Because of the performance of Nvidia chips, many AI companies have standardized on CUDA, the Nvidia software layer that lets developers control how the GPUs work together to support their AI applications. Most of the engineers, developers, and researchers who work with large AI models know CUDA, which can cause another form of skills-based organizational lock-in. But now it may make sense for organizations to build whole new alternative software stacks to accommodate different kinds of chips, Thompson says. “That they did not do so for a long time is a function of it simply not being worth the time and trouble; when capital expenditure plans reach the hundreds of billions of dollars, however, what is ‘worth’ the time and trouble changes.”
IDC projects that the high demand for AI computing power isn’t likely to abate very soon. “We see that cloud service providers are growing quickly, but their spending will slow down,” Hoff says. Beyond that, a second wave of demand may come from “sovereign funds,” such as Saudi Arabia, which is building the Humain “AI hub,” a large AI infrastructure complex that it will fund and control. Another wave of demand could come from large multinational corporations that want to build similar “sovereign” AI infrastructure, Hoff explains. There’s a lot of stuff in 2027 and 2028 that’ll keep driving demand.”

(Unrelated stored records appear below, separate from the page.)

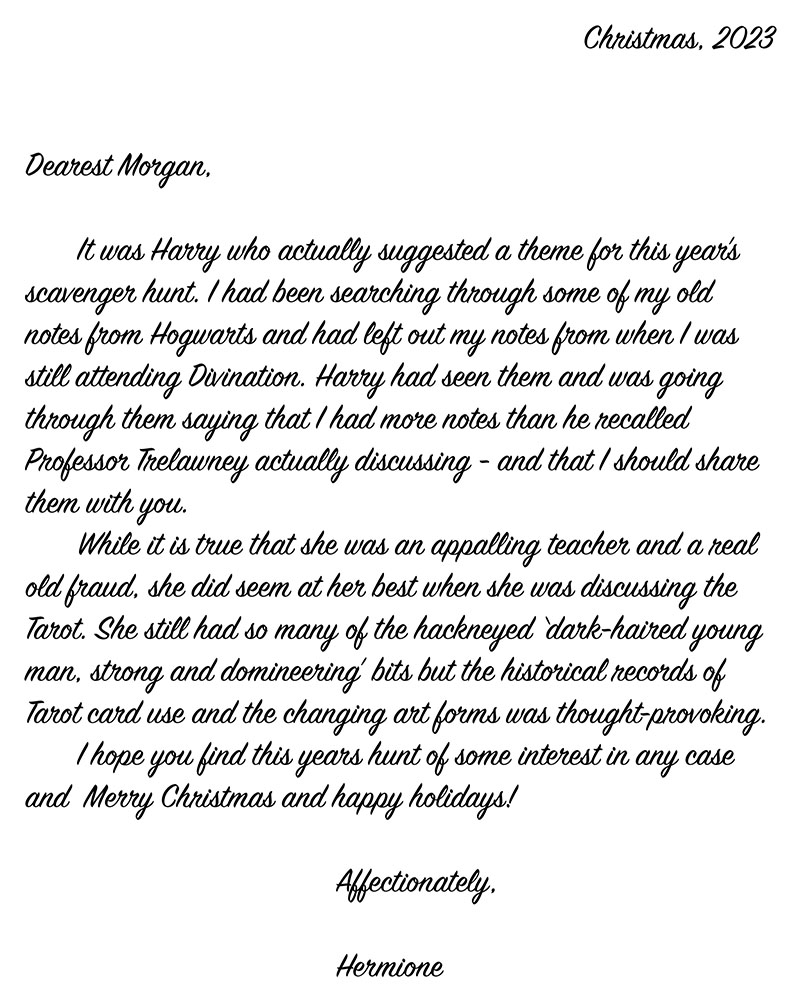It was Harry who actually suggested a theme for this year’s scavenger hunt. I had been searching through some of my old notes from Hogwarts and had left out my notes from when I was still attending Divination. Harry had seen them and was going through them saying that I had more notes than he recalled Professor Trelawney actually discussing - and that I should share them with you.
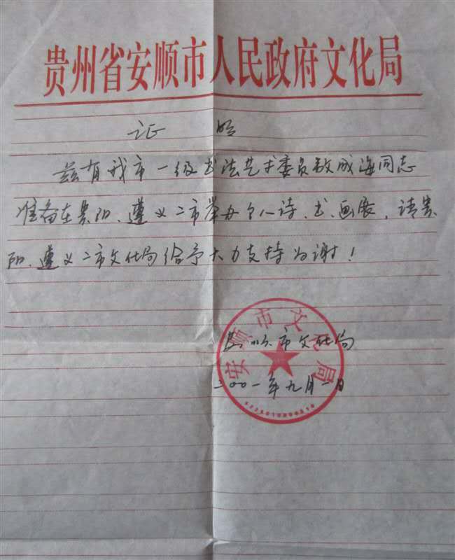 贵州安顺人。自小学习书法艺术至今40余年从未间断。1985—1987年在
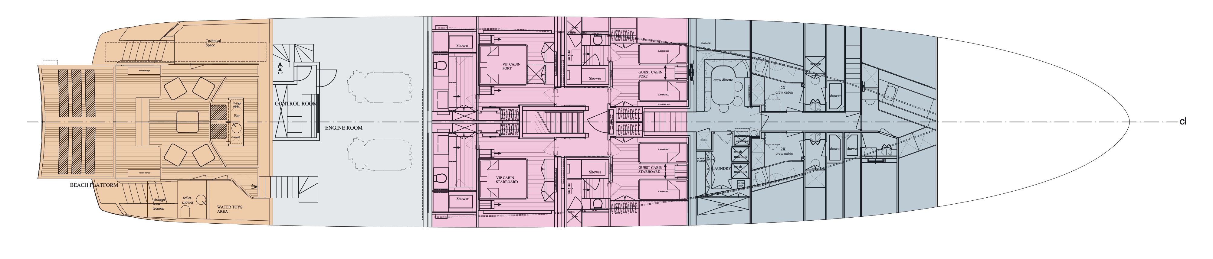 The sky lounge is a spacious alternative to the main salon for relaxing in the afternoons of evenings and has a cinema setup with a massive widescreen TV mounted on the forward wall with a pair of chaise loungers and a deep sofa ...
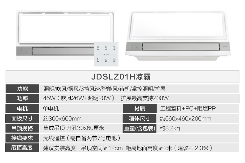 爆款🔥OPPLE欧普照明LZ01H厨房3合1变频凉霸
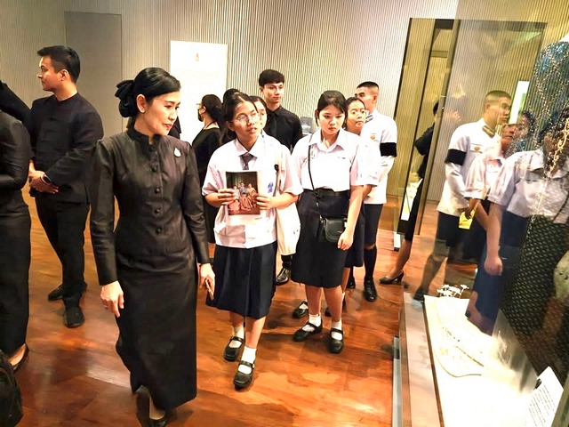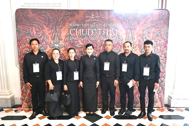 วันที่ 17 มกราคม 2569 นางสาวอโรชา นันทมนตรี ผู้ว่าราชการจังหวัดนครปฐม พร้อมด้วย รองนายกและสมาชิกเหล่ากาชาดจังหวัด หัวหน้าส่วนราชการ นำนักเรียนทุนมูลนิธิทุนการศึกษาพระราชทานสมเด็จพระบรมโอรสาธิราชฯ สยามมกุฎราชกุมาร (ม.ท.ศ.), ทุนมูลนิธิร่วมจิตต์น้อมเกล้าฯ เพื่อเยาวชน ในพระบรมราชินูปถัมภ์ และโครงการทุนการศึกษาเฉลิมราชกุมารี ตลอดจนนักศึกษาจากวิทยาลัยสารพัดช่าง วิทยาลัยเทคโนโลยีพัฒนาบริหารธุรกิจ วิทยาลัยอาชีวศึกษา วิทยาลัยเทคนิค ข้าราชการและเจ้าหน้าที่จากหน่วยงานต่างๆ ประชาชนจากทั้ง 7 อำเภอ กว่า 750 คน ร่วมชมพิพิธภัณฑ์ผ้าในสมเด็จพระนางเจ้าสิริกิติ์ พระบรมราชินีนาถ ณ หอรัษฎากรพิพัฒน์ ภายในบริเวณพระบรมมหาราชวัง กรุงเทพมหานคร ภายหลังจากการเข้าเฝ้าฯ กราบถวายบังคมพระบรมศพ สมเด็จพระนางเจ้าสิริกิติ์ พระบรมราชินีนาถ พระบรมราชชนนีพันปีหลวง
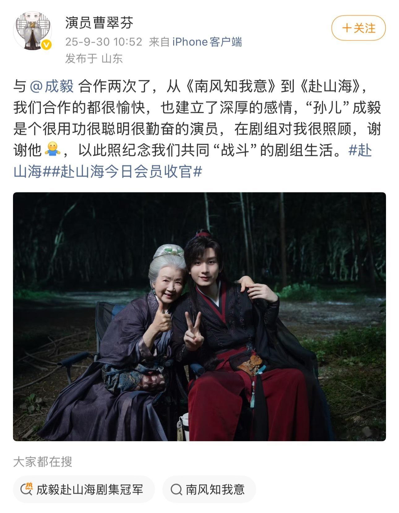 赴山海演员曹翠芬老师夸奖成毅:很用功很聪明很勤奋,对人很照顾。很真实的评价[么么
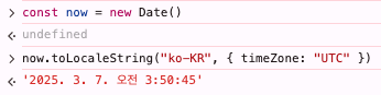 그럼 실무에서 UTC 시간대를 기준으로 날짜/시간을 알고 싶다고 했을 때 new Date().toISOString()을 한 다음 split이나 slice 등을 활용해서 포맷을 직접 해야하는걸까...?라는 생각이 들 것 같다. 자바스크립트 강의에서도 split을 사용하는 방법이 나왔는데, 사실 이렇게 되면 형식이 바뀐다고 했을 때, 혹은 포맷팅 하는 메서드가 잘못될 가능성 등이 있기 때문에 조심스럽게 써야 한다.
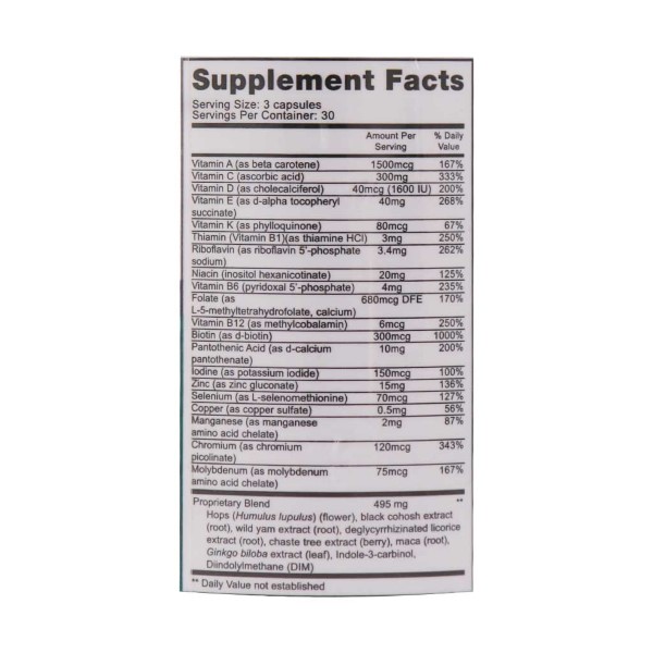 علاوه بر موارد گفته شده با پشتیبانی کامل مولتی ویتامین از جمله ۴۰۰ درصد ارزش روزانه ویتامین D و ۲۰۰ درصد ارزش روزانه ویتامینهای گروه B میتوان این محصول را به عنوان یک مکمل موثر دانست. تمامی این ترکیبات به کاهش علائم یائسگی کمک شایانی میکنند.

There are plenty of “chipmaker challenges Nvidia” stories out there, but the deeper one delves into the economic complexities and competitive dynamics of the AI chip market, much of the drama drains away. As AI finds more applications in both business and consumer tech, AI models will be asked to do more and more kinds of work, and each one will demand various mixtures of generalist or specialized chips. So while there is growing competitive pressure on Nvidia, there’s still a lot of good reasons for players like Google and Amazon to collaborate with Nvidia.
“In the next two years, there is more demand than supply so almost none of that matters,” says Moor Insights & Strategy chief analyst Patrick Moorhead. Moorhead believes that five years from now Nvidia GPUs will still retain their 70% market share.